Throughout August, trade assignment waivers must be sought and obtained in order for a team make a swap. A trade assignment waiver request is revocable, which means that if your player is claimed by another team, you have the right to pull him back.
Waiver schedule
The table below shows the schedule for when waivers must be requested, as well as the deadline by which the corresponding claims need to be made.
Waivers requested by 2 p.m. ET on: Waiver Claim must be in by 1 p.m. ET on:
Monday Wednesday
Tuesday Thursday
Wednesday Friday
Thursday Monday
Friday Tuesday
A club desiring a waiver notifies the commissioner’s office by 2 p.m. ET on any day from Monday through Friday. Once a waiver request is registered, it cannot be canceled. The period in which another club may claim a player on whom waivers have been sought can be seen in the table to the right.
Clubs are allowed to place no more than seven players on waivers per day. If a waiver claim is made, and the player is not pulled back, the contract is assigned to the claiming club (in the same league as the requesting club) with the lowest winning percentage. If all claims are from teams in the other league, the assignment will be simply to the claiming club with the lowest winning percentage. These percentages are based on the results of play through the date prior to the expiration of the claiming period.
If the player clears waivers, the club is then free to trade the player without restriction for the remainder of the waiver period. If a player is claimed, the club has 72 hours to decide whether it wants to let the claiming team have the player, pull him back, or negotiate a trade for his services, but only with the team that claimed him.
General managers have different strategies for how they handle August deals. Several teams will immediately put seven players on the list every day until all of their players are either claimed or cleared.
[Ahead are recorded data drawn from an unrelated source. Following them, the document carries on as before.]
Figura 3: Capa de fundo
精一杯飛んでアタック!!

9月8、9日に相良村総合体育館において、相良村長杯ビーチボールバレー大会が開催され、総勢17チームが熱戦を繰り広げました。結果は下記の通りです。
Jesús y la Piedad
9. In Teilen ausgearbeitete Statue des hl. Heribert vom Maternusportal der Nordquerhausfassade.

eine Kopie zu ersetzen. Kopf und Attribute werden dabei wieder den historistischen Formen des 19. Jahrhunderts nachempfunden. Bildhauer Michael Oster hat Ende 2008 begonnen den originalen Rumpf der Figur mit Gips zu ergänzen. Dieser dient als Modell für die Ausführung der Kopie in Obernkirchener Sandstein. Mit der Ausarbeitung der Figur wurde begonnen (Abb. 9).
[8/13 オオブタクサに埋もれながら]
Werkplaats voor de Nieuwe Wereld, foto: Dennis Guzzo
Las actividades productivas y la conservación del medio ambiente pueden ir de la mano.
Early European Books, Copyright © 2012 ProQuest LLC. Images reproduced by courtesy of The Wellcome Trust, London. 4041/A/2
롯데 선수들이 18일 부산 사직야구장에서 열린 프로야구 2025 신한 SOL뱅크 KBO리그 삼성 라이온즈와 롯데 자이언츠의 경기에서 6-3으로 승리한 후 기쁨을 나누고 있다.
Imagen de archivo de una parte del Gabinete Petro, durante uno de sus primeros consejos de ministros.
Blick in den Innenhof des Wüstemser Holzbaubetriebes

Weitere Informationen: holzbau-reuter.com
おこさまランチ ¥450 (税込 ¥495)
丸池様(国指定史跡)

Some GMs put through only the players they want to trade and others do a variation of the two extremes.
During my 15 years as a GM, I would run all my players through waivers at various times throughout August. For the players I thought I might actually trade -- and had a chance of getting claimed -- I would usually wait until later in August, when teams had a better chance of knowing where they were in the standings. If there was a particular team I thought I matched up with, I always watched the standings in case a team I thought might block my trade passed the team I wanted to make a trade with.
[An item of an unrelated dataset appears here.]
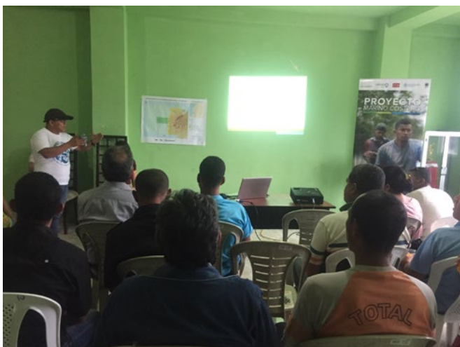
Representantes de la comunidad, guardaparques y autoridades durante taller efectuado en la Reserva Marina Galera San Francisco en el sur de Esmeraldas.
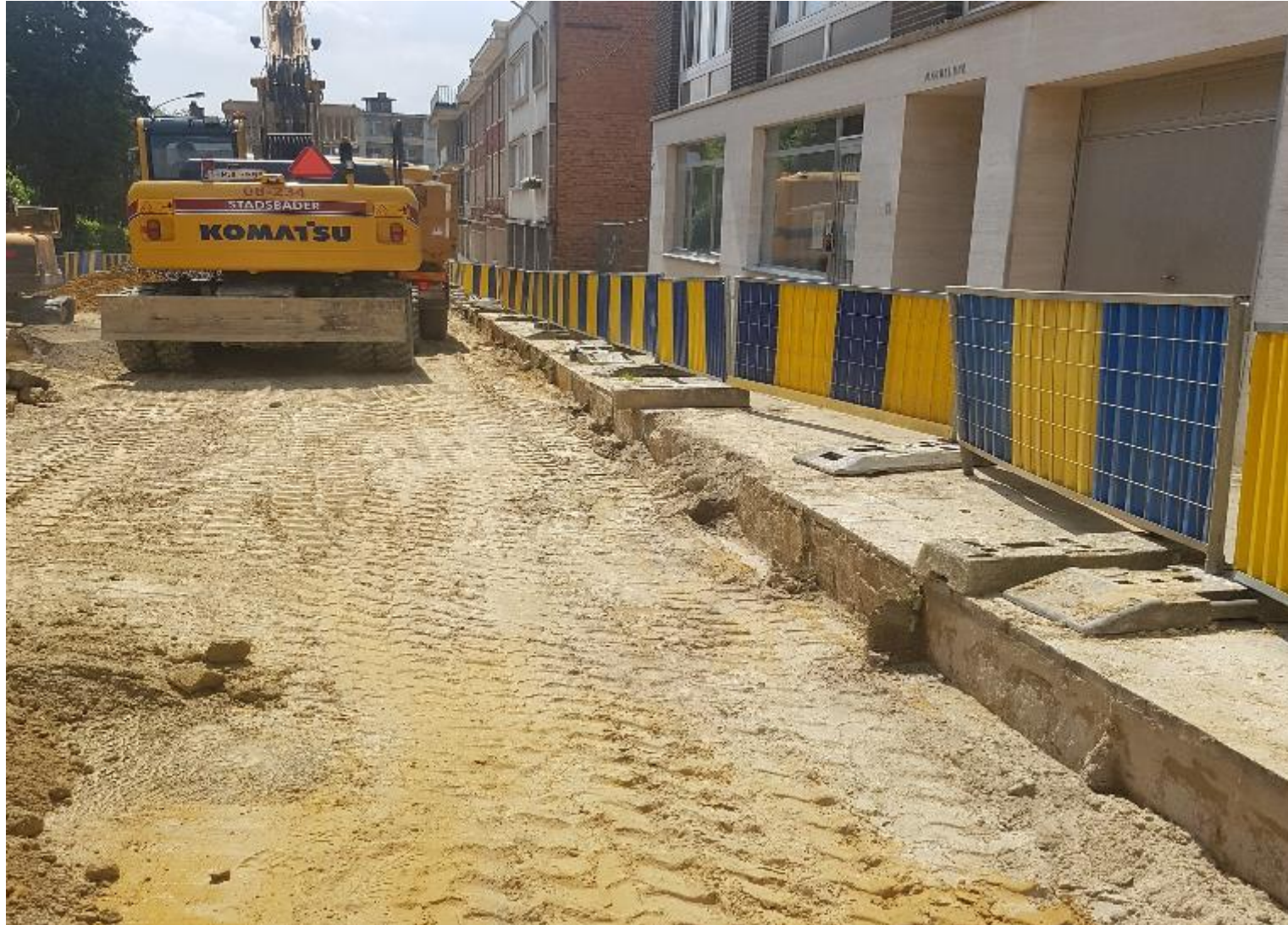
Illustration enlèvement de la voirie existante

If you have a particular team you want to make a deal with, you let them know when you are going to put a player through waivers and they put in a claim, hoping the player gets to them. If he doesn’t, you simply can’t make the trade with that team. That’s why you want to take advantage of making deals by the July 31 deadline.
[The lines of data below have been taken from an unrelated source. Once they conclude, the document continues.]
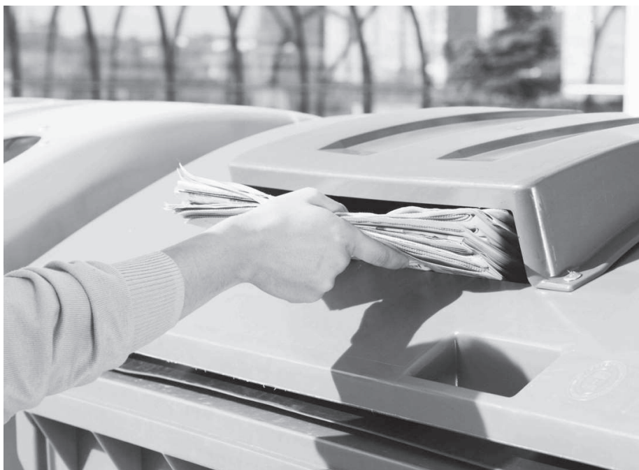
Obyvatelé Kroměříže mohou díky aktivitám na podporu separace třídít papír do nových kontejnerů.

Pětistovka kroměřížských domácností obdržela zdarma speciální sadu žluté, modré a zelené tašky na třídění. Cílem bylo nejen zvýšit množství, kvalitu a čistotu vytríděných odpadů, ale také dát lidem možnost zeptat se na to, co je ohledně třídění odpadů zajímavé. Zda obdarovaným domácnostem tašky a informace v třídění pomohou, a zda tedy akce bude pokračovat i v dalších lokalitách, vyhodnotí za pár měsíců dotazníkový průzkum. Počet těch, kdo třídí, přitom rok od roku roste, už v roce 2010 každý obyvatel Zlínského kraje vytrídil průměrně přes 51 kilogramů papíru, plastu, skla, nápojových kartonů a kovů. A právě i díky tomu může být například 40 procent interiéru auta vyrobeno z recyklovaného plastu, stará PET lahev použita při výrobě nové, nebo vyhozený nápojový karton posloužit jako základ speciální desky, ze které se staví domy. Recyklované věci jsou běžnou součástí toho, co denně používáme, našeho životního stylu. Další zajímavé informace jsou k dispozici na stránkách www.tridenijestyl.cz
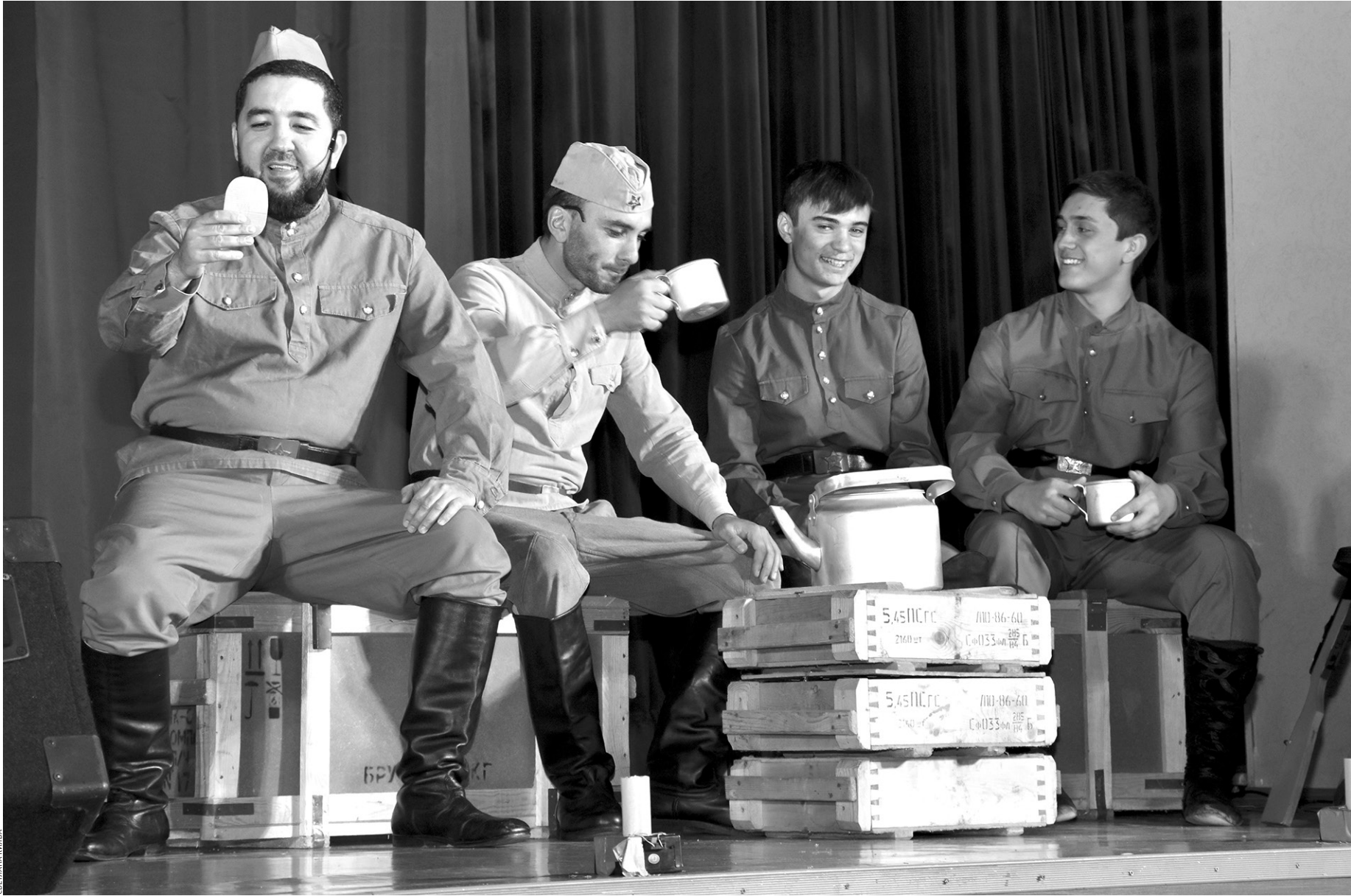
Отчетный концерт творческих коллективов Хабезского районного отдела культуры

специальными гостями отчетных концертов стали действующие участники СВО, которые тоже были представлены творственно, им было уделено особое внимание.
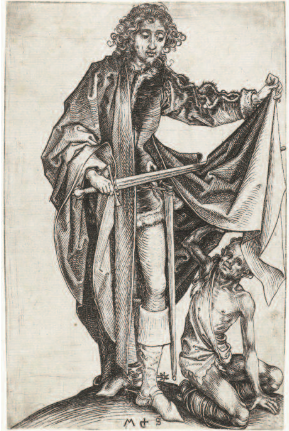
Sint Maarten, gravure door Martin Schongauer, 1470-1490.
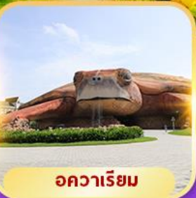
อควาเรียม
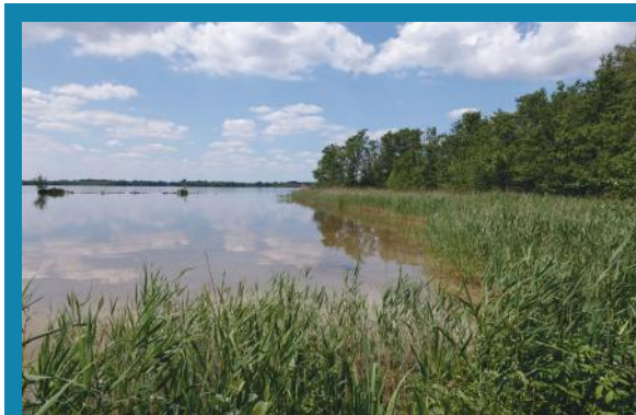
De Wijde Blik, een van de fraaiste plassen in het Vecht-plassengebied, en vroeger (tot 2000) een gerenommeerd karperwater. Immiddels karperarm en geen karperuitzet in het verschieft.

Hoe goed we het ook voor elkaar hebben er blijft zeker nog een en ander te wensen over. Dan heb ik het over grote wateren waar het 'vroeger' goed karperen was, maar waar je nu gemiddeld meer dan 24 uur moet wachten op een kans. In het midden van Nederland ligt een reeks van dat soort wateren. Bekend in deze regio zijn de Wijde Blik, de Vinkeveense plassen, de Nieuwkoopse plassen en de Spiegelplas. Grote heldere plassen die vaak mede door zandwinning zijn gevormd/uitgebreid en die nu veelal in beheer zijn bij Natuurmonumenten. Een gemene deler is dat in die wateren tussen de jaren 1960 en 1990 veel karper is uitgezet en daarna niet meer of hooguit incidenteel. Het gevolg is dat er weliswaar grote karpers zwemmen maar dat het bestand door natuurlijke sterfte jaarlijks verder uitdunt.
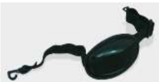
Barbiquejo con Mentón
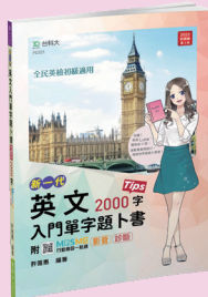
PD321 英文入門單字題卜書 (Tips)
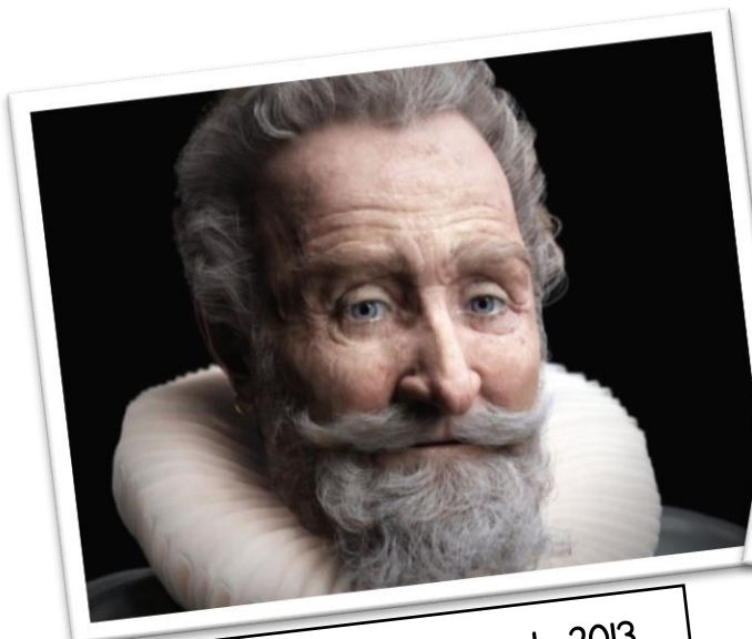
La reconstitution de 2013
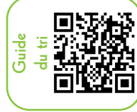
Guide du tri
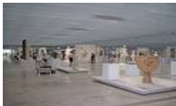
Visite du Louvre-Lens
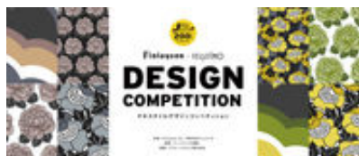
200周年記念デザインがあしらわれたデザインコンペ応募サイト
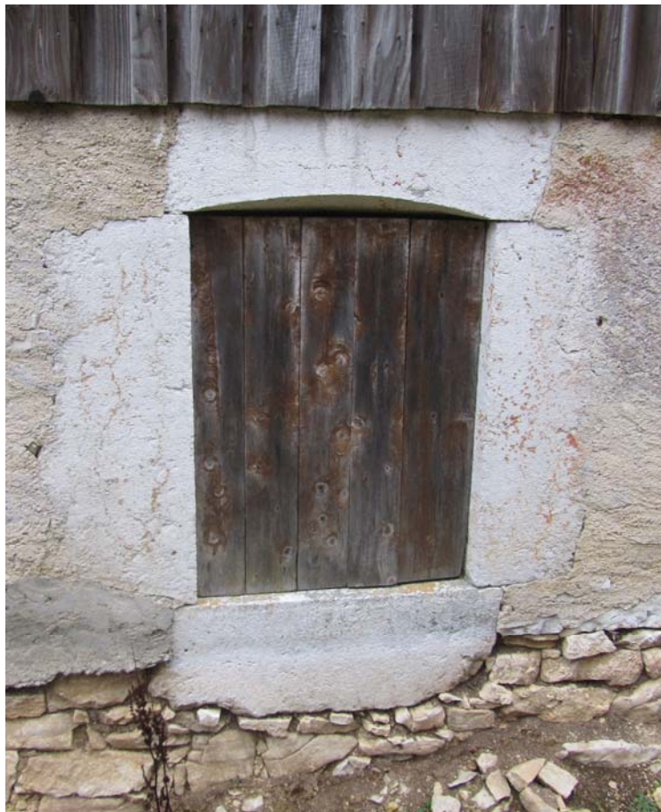
Fenêtre de l'habitat.

Players with salaries beyond their value normally get through waivers during the first week of August. Claiming clubs have to be careful and be prepared to absorb the player and his salary if they put in a waiver claim. A famous example came in 1998, when the San Diego Padres claimed closer Randy Myers from the Toronto Blue Jays in order to prevent the Atlanta Braves, the only team in the NL with a better record than them, from getting him. The Jays had given Myers a three-year deal the previous winter, so the Padres assumed that Toronto would simply pull him back. However, Myers was having a bad year and Toronto decided to let the Padres have him. They were stuck with the rest of his contract, which had roughly $14 million left on it. Myers was a nonfactor for San Diego and never pitched again in the big leagues because of shoulder woes.
As Buster Olney pointed out today, plenty of big-name players, including Carlos Quentin and Wandy Rodriguez, could be moved this August. If not them, there will be plenty of deals this month. There are 17 teams that still have a chance at a playoff berth, and trade season is far from over.